A sign and a prayer on the “beautiful path” to peace: with these poignant words to journalists on the flight to Sarajevo, Pope Francis described the meaning of his visit to the city — a place of great ethnic, cultural and religious variety — which has been called the Jerusalem of Europe. A sign and a prayer of peace were strongly raised up at Mass, celebrated under a scorching sun by the Pope — truly, as the title literally signifies, the “bridge builder” — in the stadium of Sarajevo. This place is deeply significant for having been the venue in which John Paul ii celebrated Mass two years after the end of the war, and which hosts competitions and concerts, but is surrounded by tombs of hundreds of Christians and Muslims, victims of that atrocious conflict. This city suffered deeply during the devastating war of the early 90’s.
Presenting himself at the Presidential Palace as “a pilgrim of peace and dialogue”, the Pope pointed to Bosnia and Herzegovina as an example for Europe and the world. This nation had the courage to face the transition of a culture of war and conflict to a culture of encounter, the latter of which the Holy Father persistently advocates and which inspires the politics and the presence of the Holy See on the international scene.
The Pope’s words were consistent with this culture of encounter: we need “to promote that which unites us, and to regard our differences as an opportunity to grow in mutual respect”. Here, in the heart of the Balkans, the dialogue which led to the end of the war and to the building of peace must continue. With international assistance, especially from the European Union, collaboration between ethnic groups and religions is possible and it is a sign of hope, the Pontiff underlined.
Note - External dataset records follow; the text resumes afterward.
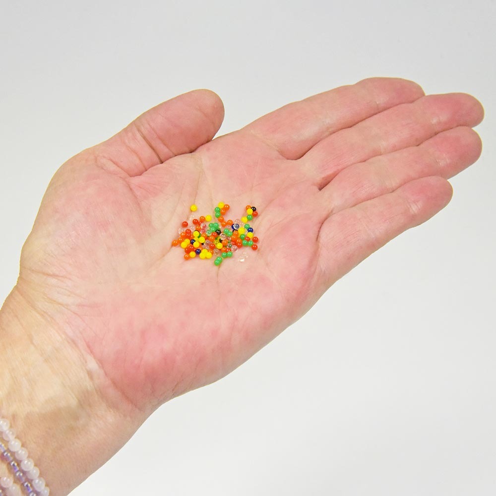 Die bunten Wasserperlen sind vielseitig einsetzbar und faszinieren durch ihre Verwandlung: In trockenem Zustand haben sie eine Größe von ca. 2–2,5 mm und sind hart. Legt man sie für 4–6 Stunden ins Wasser, wachsen sie auf beeindruckende 9–11 mm heran und werden elastisch. Perfekt geeignet als kreative Dekoration für Partys, Hochzeiten oder Blumenvasen. Außerdem lassen sich mit ihnen tolle DIY-Ideen umsetzen, wie z. B. ein selbstgemachter Antistressball, wenn die Perlen in einen Luftballon gefüllt werden.
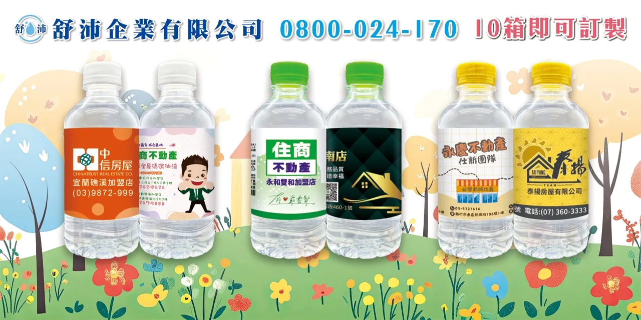 我們提供房仲業最貼心的客製化水瓶服務,免費設計標籤,急件2-4小時即可完成,讓您隨時展現專業與誠意!
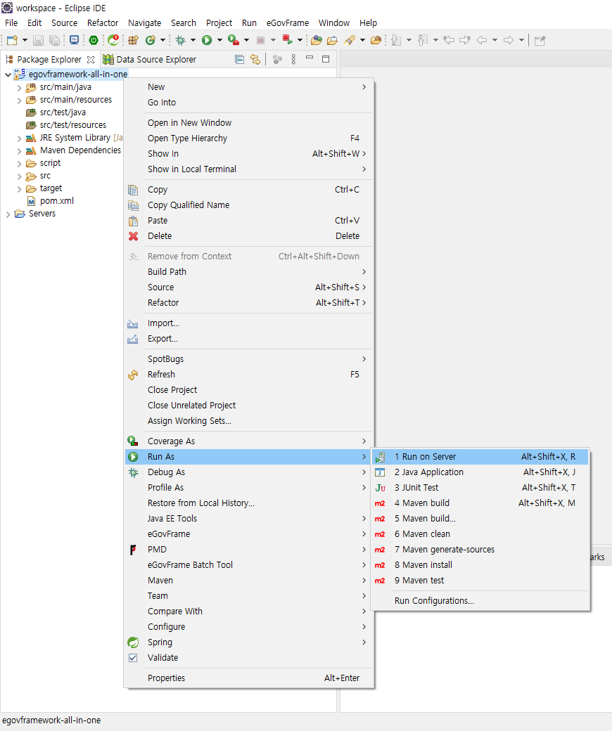공통컴포넌트를 설치한 프로젝트 내에 위치한 “globals.properties” 파일의 정보를 바꿔야 한다.(globals.properties 파일의 위치: src/main/resources > egovframework > egovProps > globals.properties을 확인한다.) 해당 properties 파일에 수동으로 정보를 입력한다. 그리고 maven clean, maven install을 한 후 run as-run on server 를 실행한다.
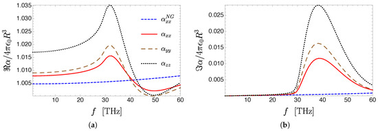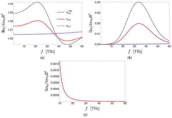 After performing the integration over the angular variable in Equation (54), we find that is diagonal. Rotational invariance along the z direction imposes that , which will differ from . The same will be true for the polarizability of the nanoparticle, which, using Equation (51), we can write as
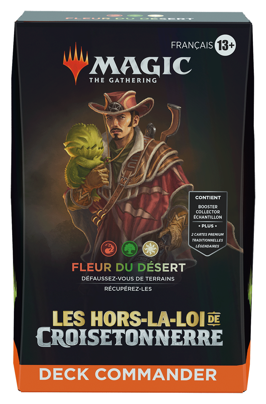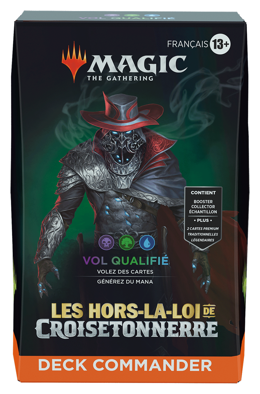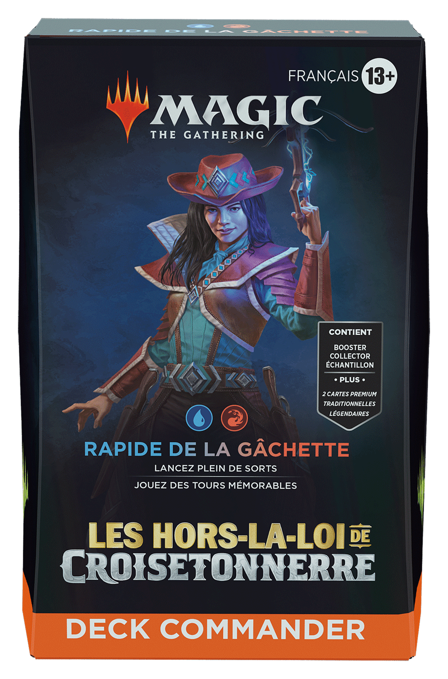 L'édition comporte 4 nouveaux decks Commander. En dehors des decks eux-mêmes, vous pouvez retrouver ces cartes commander dans les boosters Collectors Les hors-la-loi de Croisetonnerre.

“I saw this hope at my arrival this morning in the children of Muslim, Orthodox, Jewish, Catholic and other religions”, and now we need to bet on them, Bergoglio added, off the cuff, at the airport when he greeted each little boy and girl one by one. We need to oppose barbarity so as to recognize “the fundamental values of human communities”, he continued, so that after the winter chill, “springtime may come to blossom” here.
The focal point in his homily at Mass was peace — mir vama (“peace be with you” from the Gospel), the motto of the papal visit — in a context of “an atmosphere of war”, which we saw through the mass media and which led Pope Francis (Papa Franjo) to repeat the words of Paul vi before the General Assembly of the United Nations (“never again war!”) as well as Pius xii’s papal motto (opus iustitiae pax) taken from the ancient prophecy of Isaiah.
Pope Pacelli’s prophetic maxim describes “a justice not proclaimed, imagined, planned”, but put into practice and lived out, as his successor noted. He also explained the Beatitude addressed to “peacemakers”: that is, not those who proclaim, like hypocrites, but “those who do”, like artisans. Things change because we change. Thanks to a gift that comes from God.